CIRA is also building a university in the Upper Egyptian province of Assiut that is expected to begin admitting students no later than Spring 2023. The project is financed by the European Bank for Reconstruction and Development and is expected to host the largest multi-disciplinary campus in Upper Egypt, Kalla said.

In addition, Cairo Egypt for Education, a consortium formed by CIRA and Elsewedy Capital Holding, announced in August that it will launch a private university in the delta city of New Damietta with a total investment of EGP 2.5 billion.

CIRA has recently seen new opportunities in early education too. “There is a huge demand for pre-schools; however, we do not have the physical space in our schools for these divisions, so I am creating nurseries around my schools with affordable tuition,” he said.

In January, CIRA acquired a 51 percent stake in early education startup Innovvette for Education, with plans to invest some EGP 50 million in launching 25 nurseries over the next four years.

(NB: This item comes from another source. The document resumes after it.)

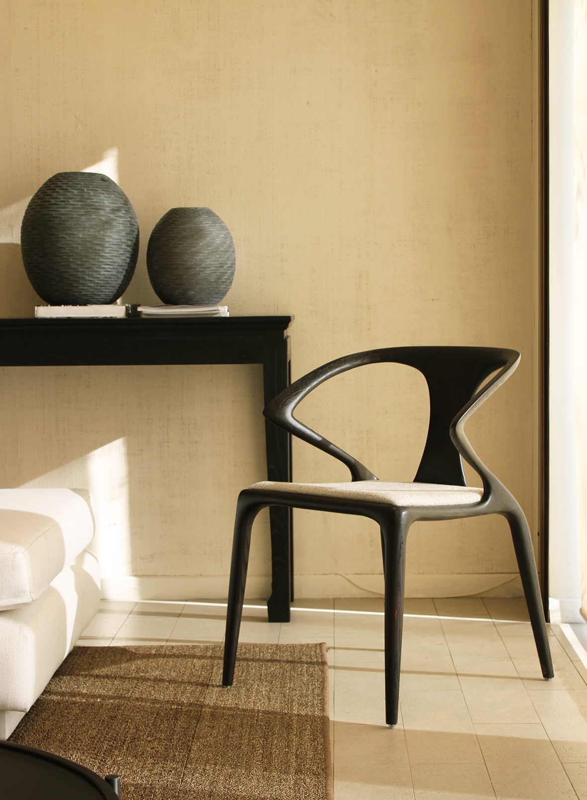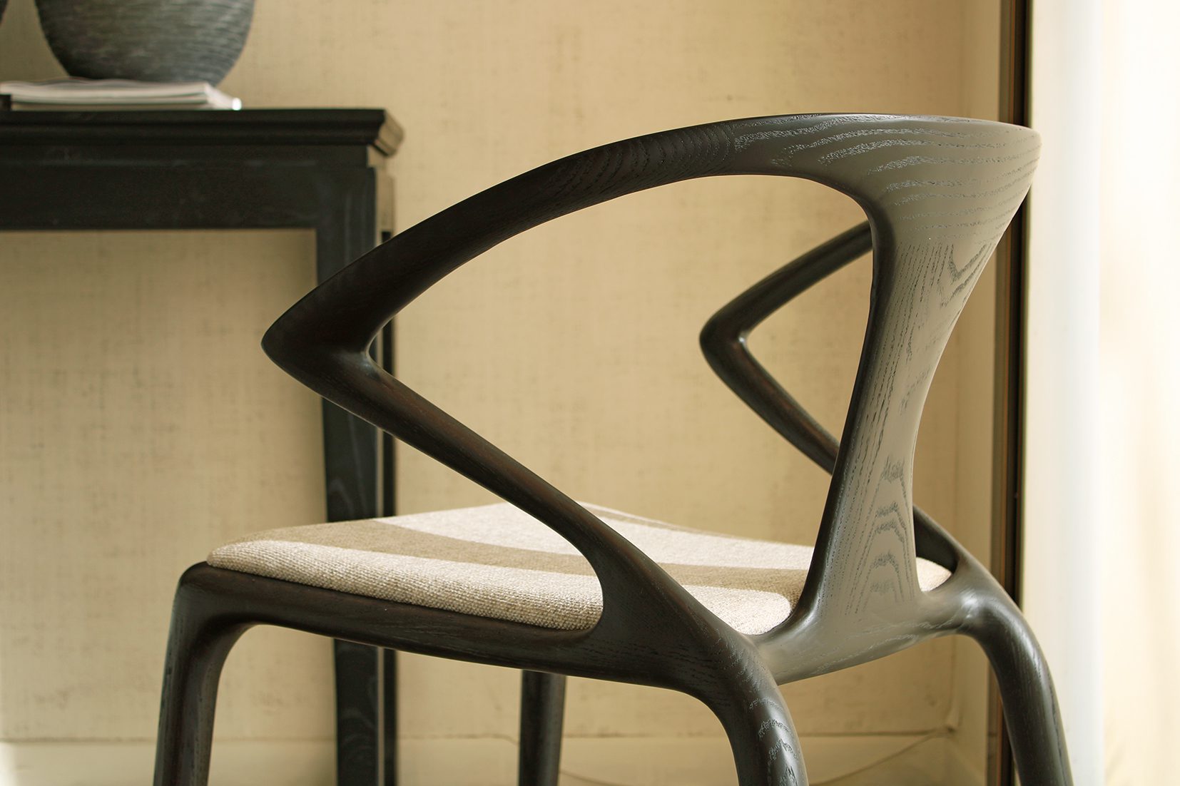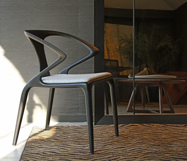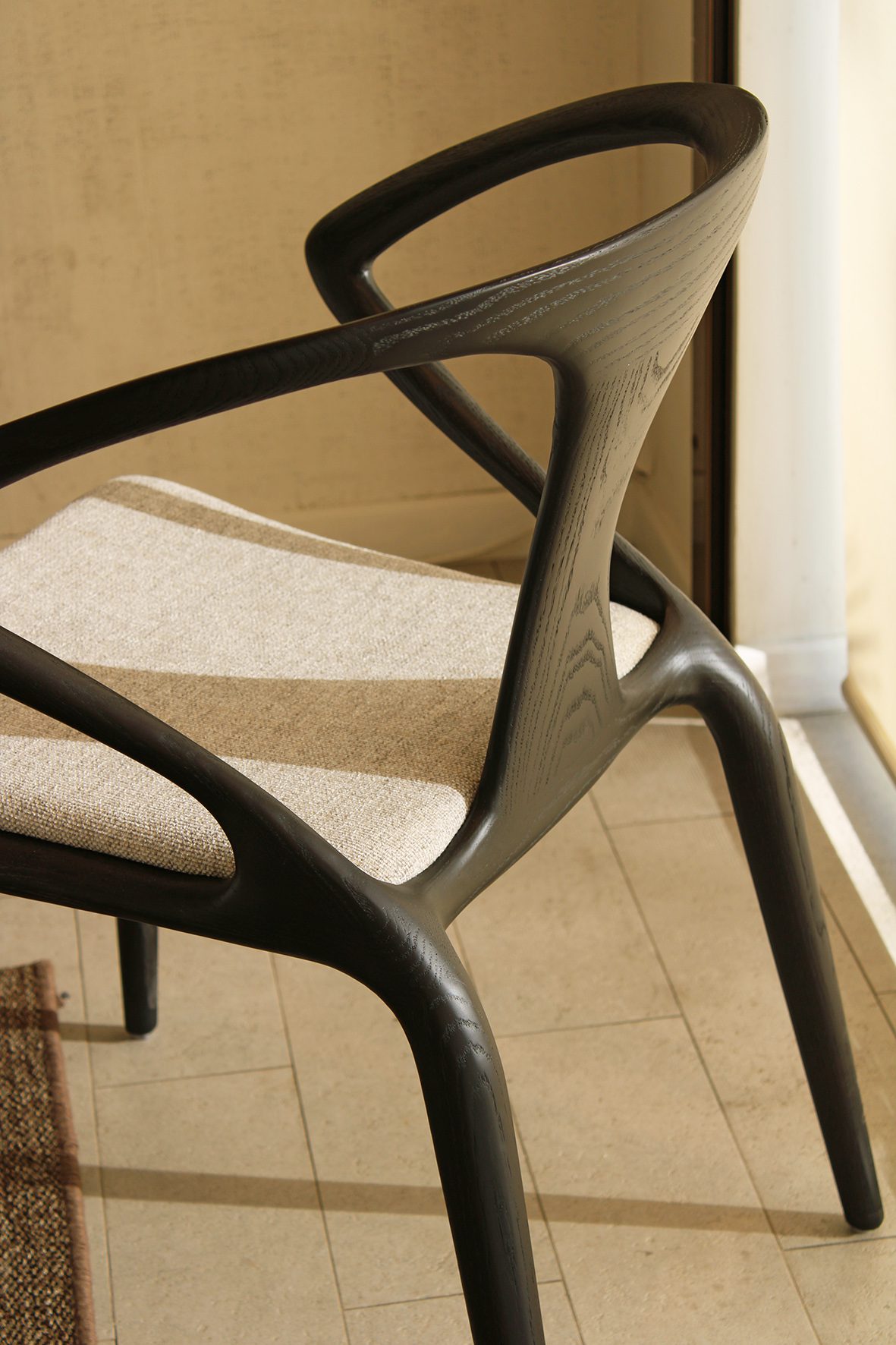 Silla en madera de Roble Americano, asiento en género gris (el de la imágen) o género lavable Aquaclean a elección.
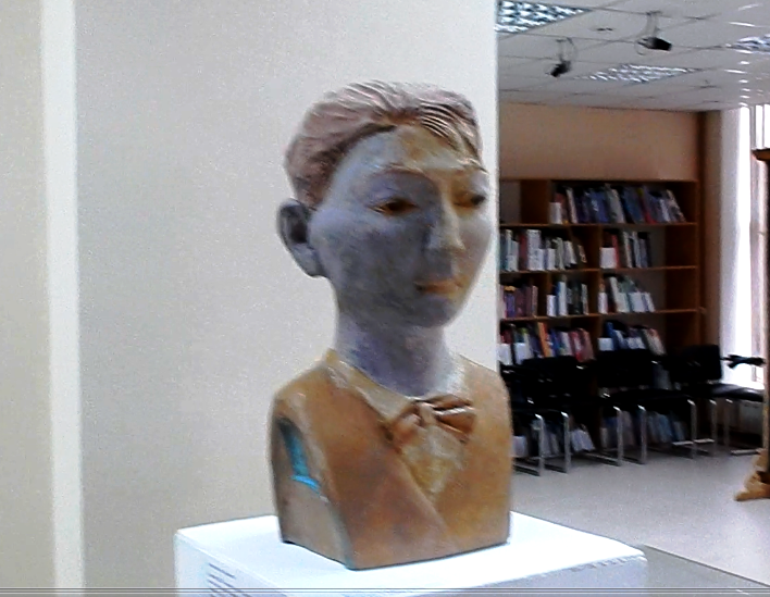 на четыре сегмента. В нижней части блюда изображены две «земные лошади», а вверху мастер нарисовала «небесных коней» - героев бурятской мифологии. Если внимательно вглядываться в изделие, то можно заметить, как животные скачут друг за другом, визуально превращая тарелку в подобие буддийского «колеса сансары». Заслуживает внимания еще одна работа Ольги Копенкиной - «Портрет в чароитовых тонах». Она представляет собой объемную глиняную скульптуру, выполненную с натуры в технике бескаркасной лепки. Прототипом портрета стала одна из студенток ИРНИТУ. Половина лица героини окрашена в сиреневый цвет, словно отсылая к названию «Портрет в чароитовых тонах». Таким способом автор напомнила о самоцвете, единственным месторождением которого является север Сибири. По словам Ольги Копенкиной, в этом изваянии ей удалось подчеркнуть не только индивидуальные черты девушки, например, резко очерченные скулы, но и особую выправку, характерную для восточных народов.

However, such investments are usually forced to navigate a quite outdated regulatory framework. While acknowledging government’s efforts to ensure that investors have diverse financing tools as well as easier access to land, Kalla said that bureaucracy remains an insurmountable hurdle: “It can take me one year just to secure approvals for a new school and up to two years and a half for any new university. I see a bright future; there is an actual demand on the ground and an actual willingness to supply. We just need to connect the dots. We need to make our processes easier in order to capture this momentum.”